A mon regard tu te dérobes…

Saint LaurentQui ?

Le Pornographe, Tiresia, De la guerre, L’Apollonide : souvenirs de la maison close : en quelques films, Bertrand Bonello aurait pu mériter une place chez EDF tant son œuvre contribue à la montée de l’électricité de l’air. Sexe, emprise psychologique et aliénation sont au cœur de son travail cinématographique prolongé d’une quête esthétique toujours bonne à prendre en ces temps insipides.

Quoi ?

Il y a la version sympatoche de la vie de Saint Laurent, approuvée par son légataire et plutôt hagiographique, réalisée par Jalil Lespert. Et voici sa concurrente, sans doute un peu plus sulfureuse, dans laquelle Gaspard Ulliel reprend le rôle-titre, tenu plus tôt par Pierre Niney. Léa Seydoux en Loulou de La Falaise et Jérémie Rénier en Pierre Bergé viennent compléter ce biopic expérimental qui sortira dans les salles françaises à l’automne.

Résultat des courses ?

A première vue, l’élégance de Saint Laurent sied bien au cinéma de Bonello. Son biopic consacré au grand couturier déroule des images léchées, des cadres sophistiqués et quelques jolies trouvailles stylistiques, comme celle où l’écran se structure telle une toile de Mondrian pour célébrer la richesse d’une collection. Remarquable scène aussi que celle où Saint Laurent, pris d’hallucinations, voit des serpents ramper sur son corps. Idem encore, quand il croit se voir dans tous les êtres qui le séduisent.

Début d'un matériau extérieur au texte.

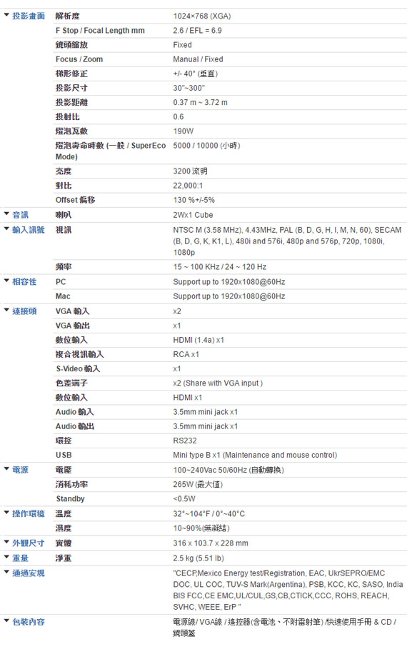 ![]() ![]() 3,200流明XGA 短焦光艦投影機

Reflets, échos et résonances traversent chaque séquence du film, mais l’esthétique est souvent vaine. Bonello, soucieux de rendre hommage au Beau si cher à Saint Laurent, offre un écrin somptueux à son sujet, sans pour autant s’en emparer. Alors que la scène d’ouverture prenait son temps, s’immisçait dans les coulisses de l’atelier du maître et promettait une partition autour du geste, du savoir-faire et de la précision… La suite se limite souvent à un récit mi-tabloïd et mi-magazine de mode.

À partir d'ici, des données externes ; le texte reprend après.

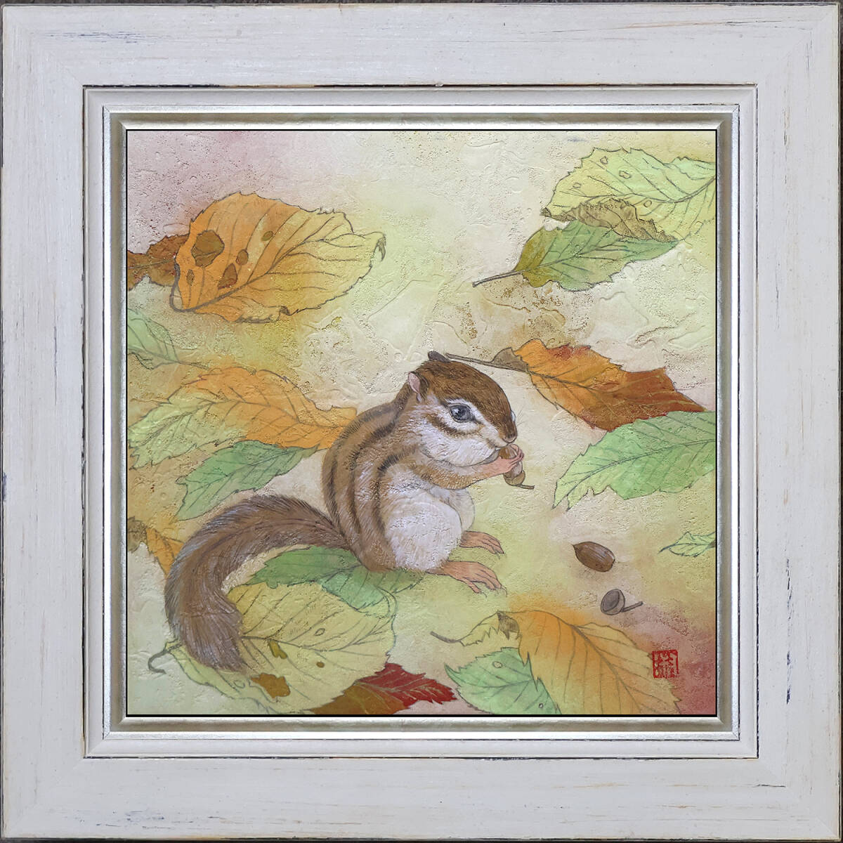 > 真作保証 川本淑子 森の中のリス 参考日経新聞26万販売 師・中島千波 可愛すぎる最高傑作 今にも動きだしそうな臨場感 動物を愛する画家

Les scènes s’enchaînent comme les volumes de la série Martine : Saint Laurent à Paris, Saint Laurent dans son majestueux riad de Marrakech, Saint Laurent tout nu dans un placard, Saint Laurent en soirée, entre amis, avec ses chiens… Avec, planant sur cette histoire l’ombre de Frankenstein (Bergé, incarné par Jérémie Renier, confiné dans le rôle de chef d’entreprise) et de son monstre (Yves Saint Laurent campé par un Gaspard Ulliel exceptionnel). Alors oui, Bonello, ultradocumenté, connaît collections et sources d’inspiration. Pour preuve le choix de la décennie sur laquelle repose tout son film : 1967-1976, Saint Laurent en pleine gloire invente le costume pour femmes et sort Opium. Oui, sa façon d’inclure dans son récit – trop linéaire – les créations d’Yves Saint Laurent est subtile et bienvenue. En confrontant, dans un split screen, les images de mannequins descendant les marches de la maison de couture année après année et celles de l’actualité, Bonello affirme que l’artiste était au-delà des modes.

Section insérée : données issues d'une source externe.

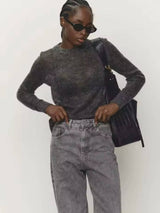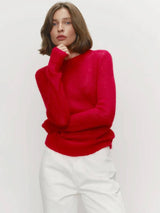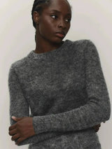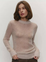 Pull it on and the soft mohair feels light on your skin. The round neck sits nice at your collarbone and slips under jackets or over shirts without bunching. The sleeves move with you and stay comfy all day, from morning coffee to evening plans.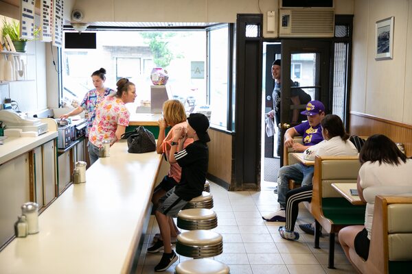 The restaurant is small enough – about as wide as a train’s dining car – to encourage banter. Deanne came in on her day off recently with her young daughter and began teasing an elderly regular named George, who sat chuckling on his stool, nursing a coffee. “Hi, George! Want a kid?” she said, gesturing at her daughter. “She’s nice!”

Mais il manque à ce Saint Laurent-là, la force vitale et le rapport à la matière. On aurait voulu saisir l’élan créatif de Saint Laurent, son apport fondamental à la mode et son envie prégnante de libérer la femme. Un dernier point que Bonello balaie d’un revers de la main dans l’une des scènes de fin : trois journalistes de Libération préparent la nécro de Saint Laurent, persuadés qu’il est mort.

 
Saint Laurent de Bertrand Bonello, avec Gaspard Ulliel, Jérémie Renier, Léa Seydoux, Louis Garrel… France, 2014. Sélectionné en compétition au 67e Festival de Cannes. Sortie le 1er octobre 2014.